Бумага пришла в тот же вечер, вместе с ведомостями на зимнее обмундирование. Заславский Илья Борисович, капитан. Признан негодным к военной службе. Дальше шли статьи, номера и подписи, и всё это занимало четыре строки.

В конверт была вложена вторая бумажка, поменьше. Почерк на ней был похож детский. Крупные буквы, каждая отдельно, с нажимом, и на слове «роте» перо прорвало лист. Человек учился писать левой рукой, и был в самом начале этого пути.

«Товарищ капитан. Роту сдал не по своей воле. Держите их за людей, они это отрабатывают втрое. Тюлькину не верьте на слово, проверяйте по остаткам, он не ворует, он округляет. Если Пшеничный куда пропадёт, его не ищите — придет сам, и с добрыми вестями. Заславский».

Я построил роту утром, под моросью, и прочитал первую бумагу целиком — четыре строки, номера, подписи. Вторую читать не стал.

Рота стояла молча. Мятлев смотрел поверх моей головы, куда-то на мокрый тополь. Шабанов один раз шумно вдохнул носом.

— Всё, — махнул я. — Разойтись.

Никто не двинулся секунды три. Потом Тюлькин спросил из второй шеренги, будет ли сегодня горячее или опять сухпай, и рота зашевелилась, а жизнь пошла дальше.

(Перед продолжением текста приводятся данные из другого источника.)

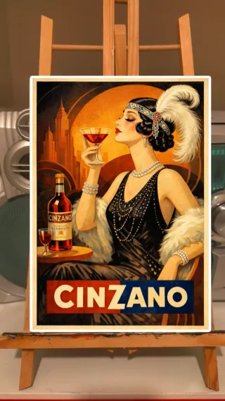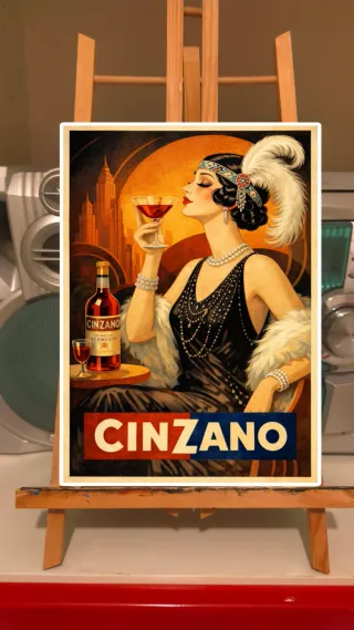 Poster in formato A3 con un'elegante illustrazione in stile Art Déco. - Raffigura una donna con un cocktail e una bottiglia di Cinzano. - Stile vintage ispirato agli anni '20. - Ideale per gli amanti del design retrò e del marchio Cinzano.

Вечером я нашёл Мятлева у ротной кухни. Он сидел на пустом ящике и чистил автомат, которому чистка была нафиг не нужна:

— Он мне писал в августе, — рассказал Мятлев, не поднимая головы. — Правой ещё. Кривовато, но правой.

— Ага.

— Я тогда роте не сказал.

— Знаю.

Он собрал затвор, щёлкнул, проверил.

— Хорошо, что вы вторую не читали, товарищ капитан.

Откуда он знает?

— Какую вторую?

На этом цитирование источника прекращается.